▸ **Required work**: In the material below, find the line with "रायगढ़, 10 अक्टूबर" and the line with "超激震ローターとイボイボ構造". Output exactly those two lines and all lines between them, leaving out pictures.

▸ **Data to use**:

****************************************

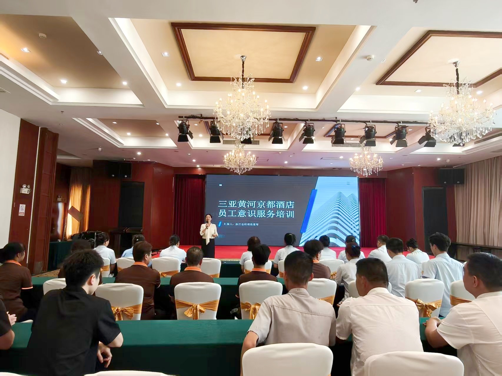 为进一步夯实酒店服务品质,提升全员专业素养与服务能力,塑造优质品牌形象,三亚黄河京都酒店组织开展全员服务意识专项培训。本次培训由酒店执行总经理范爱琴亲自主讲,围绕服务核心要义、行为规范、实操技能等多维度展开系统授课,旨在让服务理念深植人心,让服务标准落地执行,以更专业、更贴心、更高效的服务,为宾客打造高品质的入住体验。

****************************************

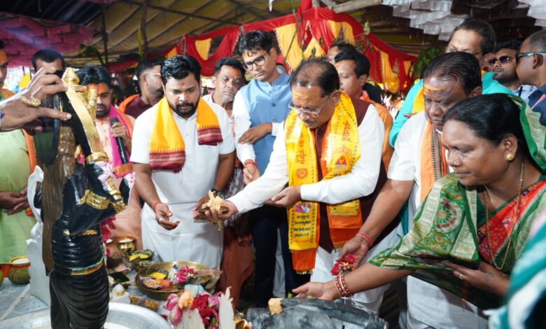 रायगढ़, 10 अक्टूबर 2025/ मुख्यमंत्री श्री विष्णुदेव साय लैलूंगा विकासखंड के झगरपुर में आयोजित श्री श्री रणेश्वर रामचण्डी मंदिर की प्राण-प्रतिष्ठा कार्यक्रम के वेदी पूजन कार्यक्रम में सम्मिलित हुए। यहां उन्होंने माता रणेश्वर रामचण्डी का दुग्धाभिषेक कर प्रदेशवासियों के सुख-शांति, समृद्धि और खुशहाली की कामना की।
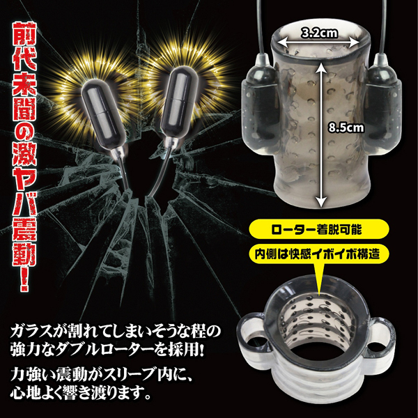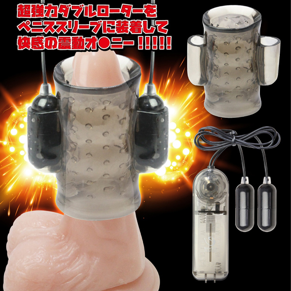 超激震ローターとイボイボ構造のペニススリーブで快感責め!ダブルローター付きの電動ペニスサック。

****************************************

▸ **Exercise answer**:
 रायगढ़, 10 अक्टूबर 2025/ मुख्यमंत्री श्री विष्णुदेव साय लैलूंगा विकासखंड के झगरपुर में आयोजित श्री श्री रणेश्वर रामचण्डी मंदिर की प्राण-प्रतिष्ठा कार्यक्रम के वेदी पूजन कार्यक्रम में सम्मिलित हुए। यहां उन्होंने माता रणेश्वर रामचण्डी का दुग्धाभिषेक कर प्रदेशवासियों के सुख-शांति, समृद्धि और खुशहाली की कामना की।
 超激震ローターとイボイボ構造のペニススリーブで快感責め!ダブルローター付きの電動ペニスサック。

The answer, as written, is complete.